На безмолвный вопрос пришедшего привратник сказал:

– Нифонт из наших бывших монасей, придурковатый, признал антихристову власть, служит теперь у них в совхозе рыбаком, живет там, на берегу, в лодочном сарае, жалованье получает, паек… Восьмой десяток пошел ему. Вот рыбки принес мне…

Ночной посетитель слушал внимательно. Он покосился на входную дверь, приоткрыл ее и выглянул наружу в ночную темень. На белевшей дорожке, ведущей вниз к шоссе, уже никого не было.

– Отец Иосаф предупреждал тебя обо мне?

– Как же, говорил, придет к тебе человек, прими. Но никак не ждал тебя… Кажись, года четыре аль пять, как пропал ты отседова. Где тебя носило?

– Носило, – неопределенно ответил пришелец. – Вот пришел и не пришел! Понятно?

– А как же, не впервой, не сумлевайся. Отцу Иосафу сказать?

– Если спросит. Подбрось угля в печку, озяб я. Обогреюсь и уйду.

В начале четвертого ночной посетитель спустился на пустынное шоссе, прошел с полкилометра в сторону Гудаут. За полосой кустов и редким рядом тополей вплотную к ним стоял лодочный навес с пристроенной к нему маленькой хибаркой. В ней жил старик Нифонт. Из трубы струился дымок. Старик топил печку. Сквозь подслеповатое окошко с мутным, давно не мытым стеклом было видно, что сидит он на корточках у открытой дверцы топки. Бросив быстрый взгляд вокруг, человек поднял пистолет, прицелился и нажал, на гашетку. Негромкий звук выстрела, скорее похожий на свист при ударе хлыстом, слился со звоном разбитого стекла. Стрелявший увидел, как старик повалился навзничь. «Готов!» – прошептал он и не спеша вышел на пустынное в этот ранний час шоссе, зашагал в сторону Сухуми.

К семи часам утра он уже был в городе.

2

Почувствовав тупой удар в плечо, Нифонт повалился на пол. Но, когда услыхал груст гальки под шагами убегавшего человека, поднялся, ощупал начинавшее неметь плечо, увидел кровь и понял, что ранен.

«Уж не гость ли Пафнутия угостил меня? Должно быть, он. Кому ж еще», – думал Нифонт.

Плечо болело, начинало опухать, но крови было мало, и отверстие, куда вошла пуля, было небольшим, как если бы кто ранил его большим гвоздем. Нифонт подвигал рукой, покрутил, ощупал со всех сторон и выходного отверстия не нашел.
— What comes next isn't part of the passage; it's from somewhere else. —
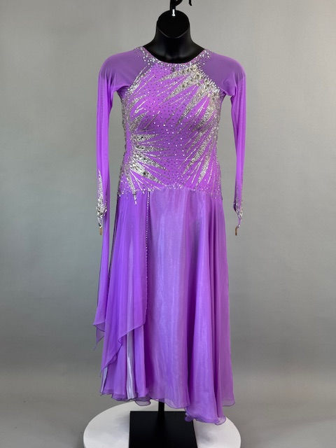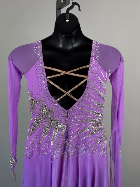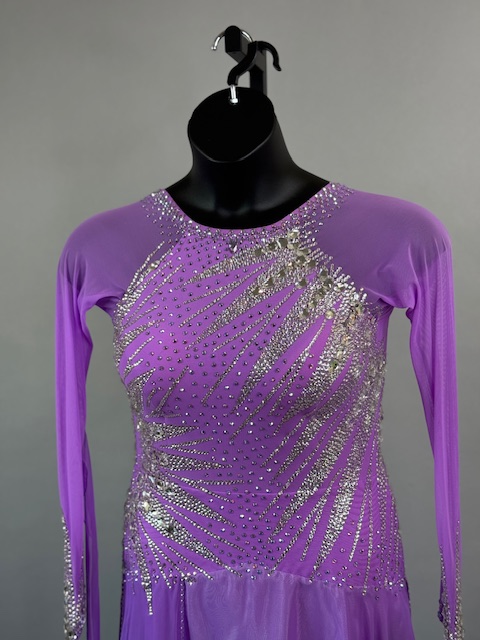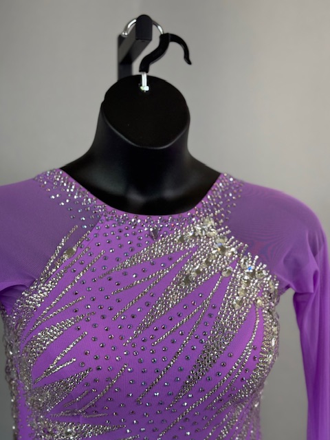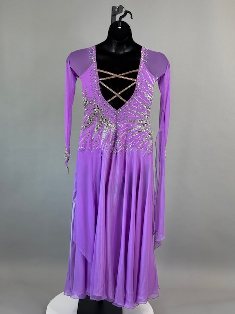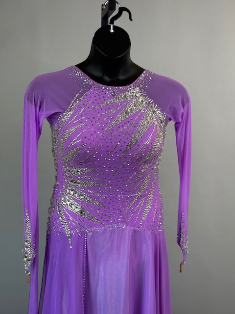 This is a stunning bright lavender smooth dress! It moves amazing on the dance floor, a true beauty! Trimmed with Austrian Crystals.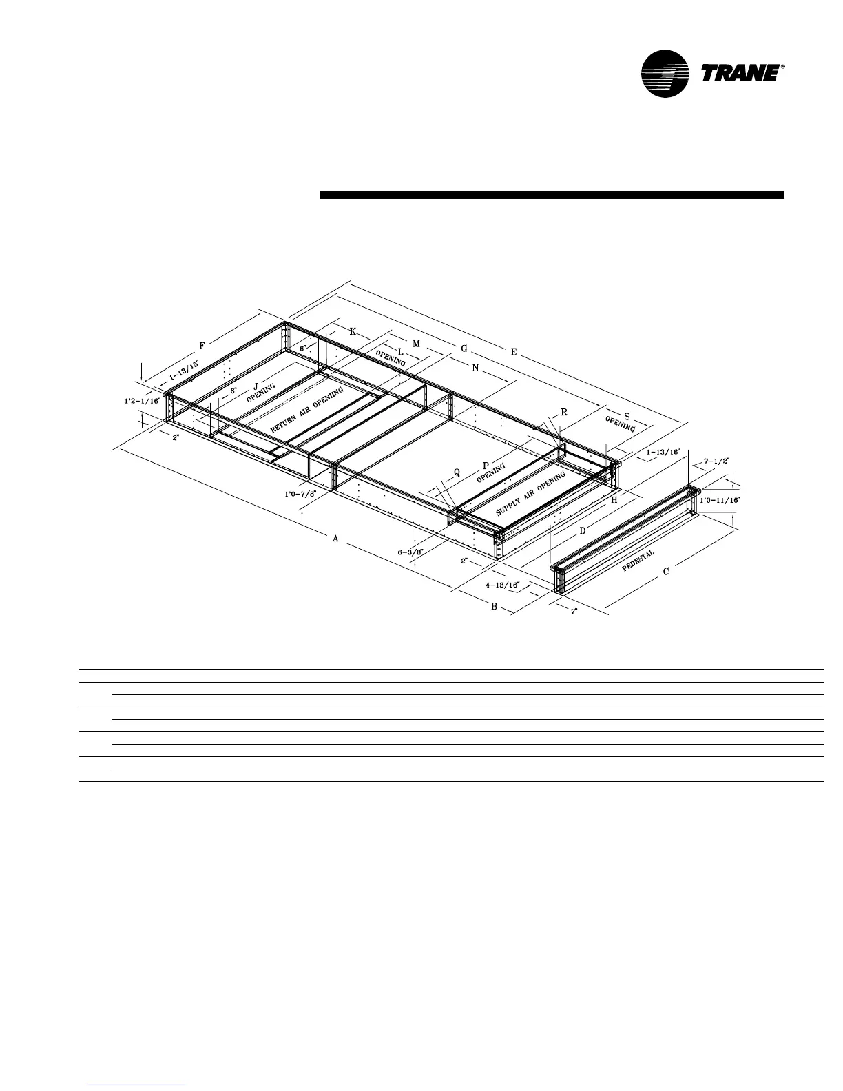 standard roof constructions with both the supply and return openings. The return air opening of the curb is at a 90 degree angle as compared to the rooftop return air opening to allow

Обвязав мокрой тряпицей распухающее плечо, Нифонт лег под окном на пол. Стрелявший мог вернуться, затаиться в темноте. Нужно было ждать утра. Лежал тихо, прислушиваясь к звукам снаружи.

Рассвет наступал быстро.

Нифонт поднялся и вышел на шоссе. Из-за поворота показалась грузовая машина. Знакомый шофер, узнав его, затормозил.

– Здорово, батя, в город собрался?

– Подвези до базара.

Рядом с шофером в кабине сидела женщина, и старик, ухватившись здоровой рукой за борт, залез в кузов и лег там среди каких-то тюков.

На базаре он слез. Было еще рано. Потолкался в толпе, выпил крепкого чая в чайной и к девяти часам был в погранотряде. Зайдя в комендатуру, он попросил дежурного позвонить Паршину, оперативному уполномоченному, который, приезжая в Новый Афон, всегда встречался с ним.

Паршин спустился в комендатуру.

Старик был очень бледен и едва стоял на ногах.

– Что с вами, Нифонт Фадеевнч?

– Ночью кто-то стрельнул в меня через окно, – ответил Нифонт и в изнеможении опустился на скамью.

Паршин не стал больше ни о чем расспрашивать раненого и повез его в больницу. Хирург, осмотрев рану, решил тут же прооперировать и удалить застрявшую пулю.

Когда часа через три Нифонт проснулся в больничной палате, то первым, кого он увидел, был все тот же Паршин, сидевший у его кровати.

– Как чувствуете себя, Нифонт Фадеевич? – спросил он. – Сможете рассказать, что и как все произошло?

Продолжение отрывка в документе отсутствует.